EXERCISE OBJECTIVE: Among the entries below, the lines from the one with "Hawk-Headed Handle, ca." up to and including the one with "一方、南部マルセイユ(Mar" are to be restated exactly, without pictures.

DATA FOR ANALYSIS:
+===+
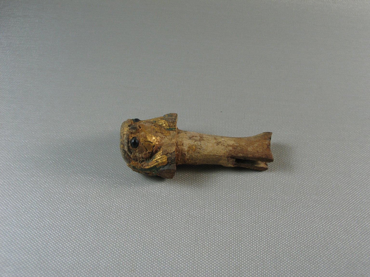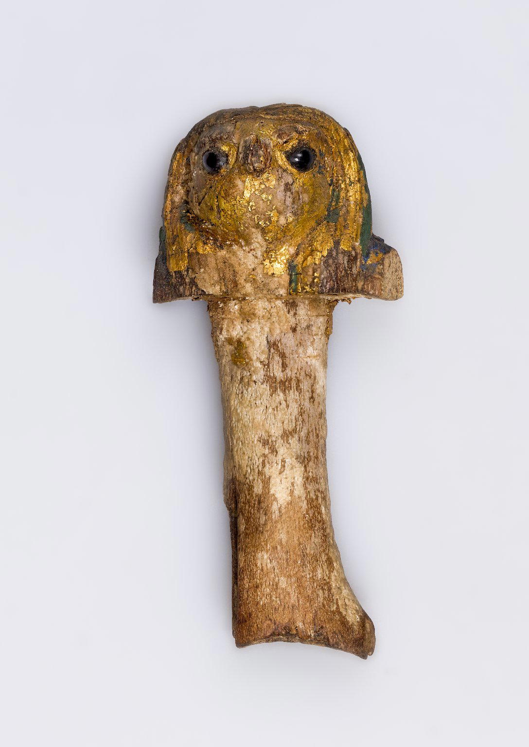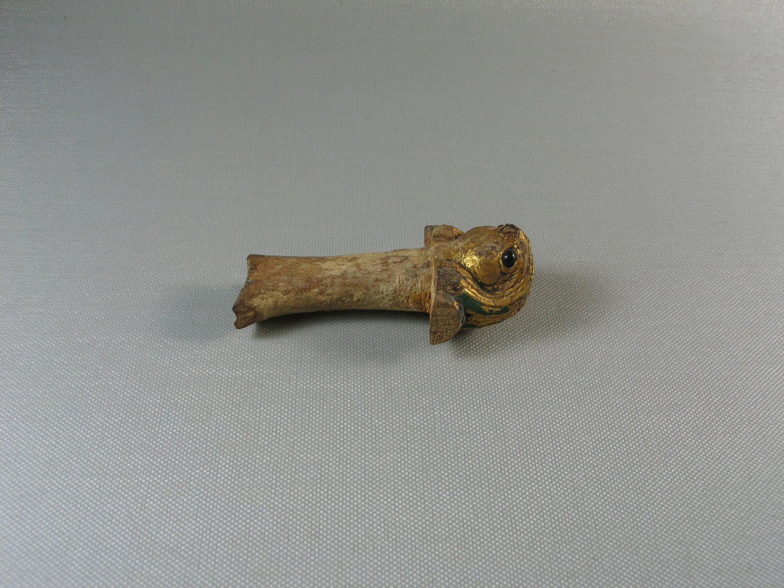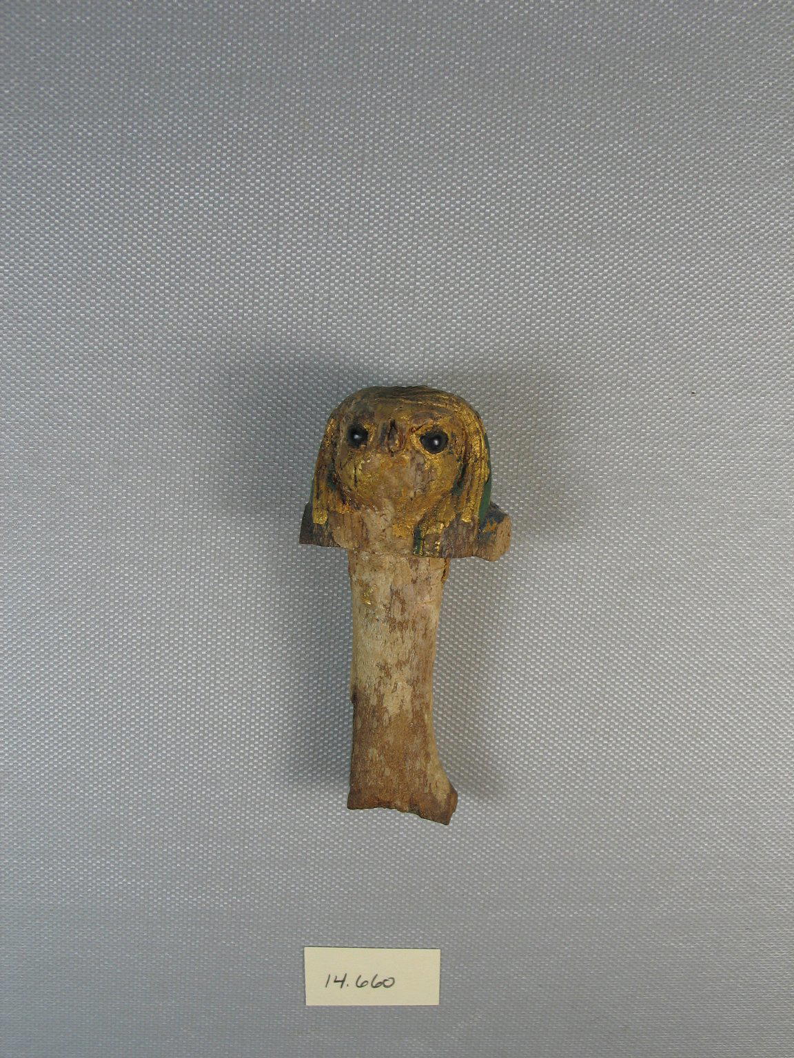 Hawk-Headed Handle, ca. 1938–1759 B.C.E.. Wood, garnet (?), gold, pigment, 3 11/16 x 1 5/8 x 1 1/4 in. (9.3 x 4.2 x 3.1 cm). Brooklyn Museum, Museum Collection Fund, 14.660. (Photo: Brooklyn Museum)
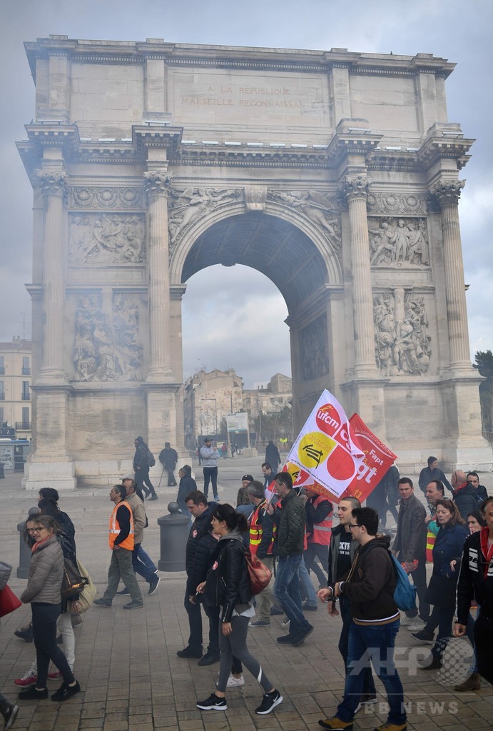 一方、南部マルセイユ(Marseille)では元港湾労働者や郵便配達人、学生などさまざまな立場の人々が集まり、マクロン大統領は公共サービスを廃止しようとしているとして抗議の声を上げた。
+===+
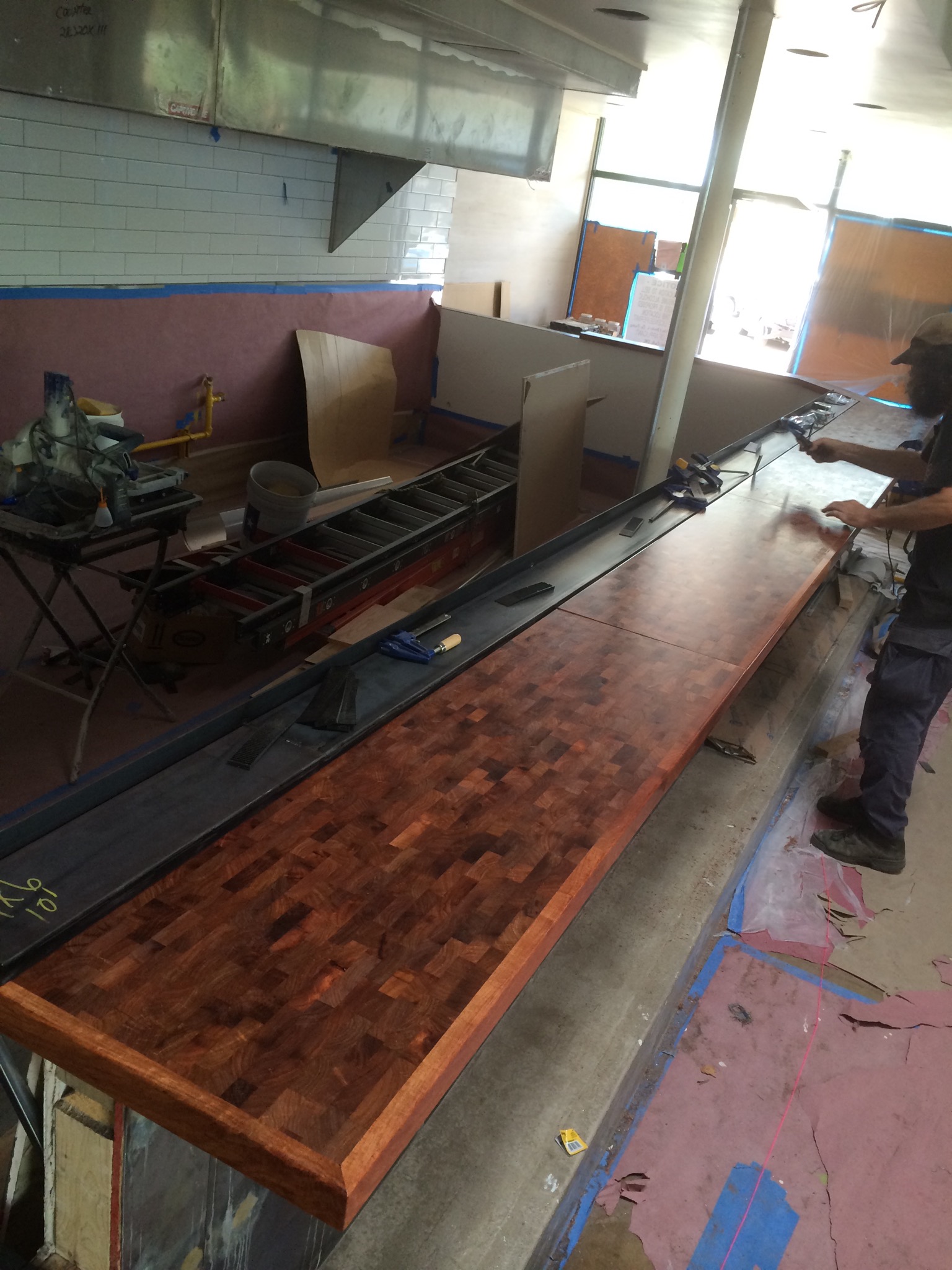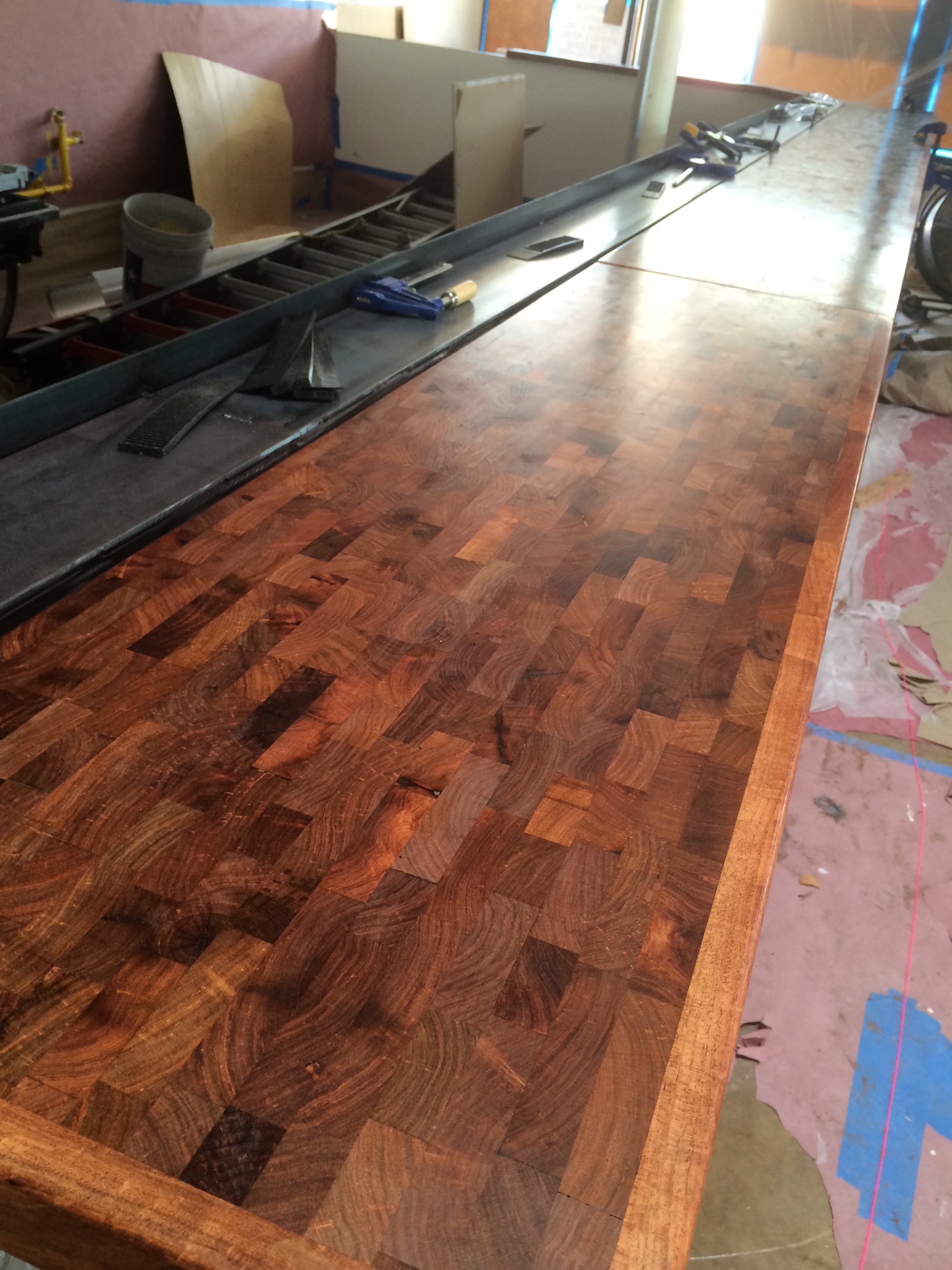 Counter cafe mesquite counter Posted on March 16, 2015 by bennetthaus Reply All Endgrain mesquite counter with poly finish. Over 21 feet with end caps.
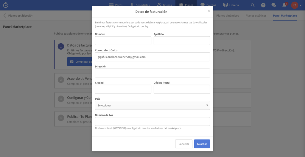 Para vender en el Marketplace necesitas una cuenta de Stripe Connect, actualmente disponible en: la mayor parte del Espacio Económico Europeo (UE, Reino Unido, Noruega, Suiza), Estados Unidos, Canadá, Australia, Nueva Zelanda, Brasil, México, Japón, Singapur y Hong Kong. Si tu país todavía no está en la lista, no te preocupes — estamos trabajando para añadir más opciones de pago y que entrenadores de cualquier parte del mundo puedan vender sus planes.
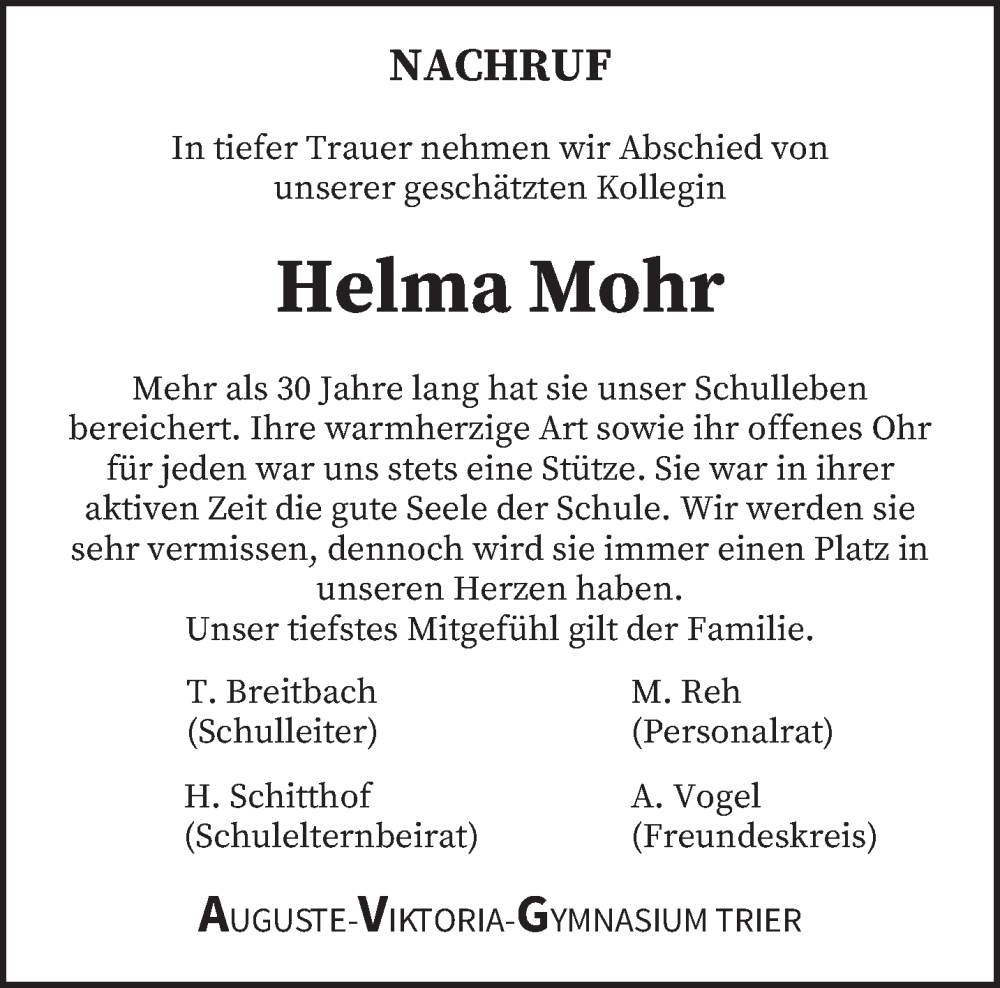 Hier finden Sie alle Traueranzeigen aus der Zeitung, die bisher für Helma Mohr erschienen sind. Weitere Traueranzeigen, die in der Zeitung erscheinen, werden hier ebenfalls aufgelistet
+===+
RESULT FOR THIS EXERCISE:
 Hawk-Headed Handle, ca. 1938–1759 B.C.E.. Wood, garnet (?), gold, pigment, 3 11/16 x 1 5/8 x 1 1/4 in. (9.3 x 4.2 x 3.1 cm). Brooklyn Museum, Museum Collection Fund, 14.660. (Photo: Brooklyn Museum)
 一方、南部マルセイユ(Marseille)では元港湾労働者や郵便配達人、学生などさまざまな立場の人々が集まり、マクロン大統領は公共サービスを廃止しようとしているとして抗議の声を上げた。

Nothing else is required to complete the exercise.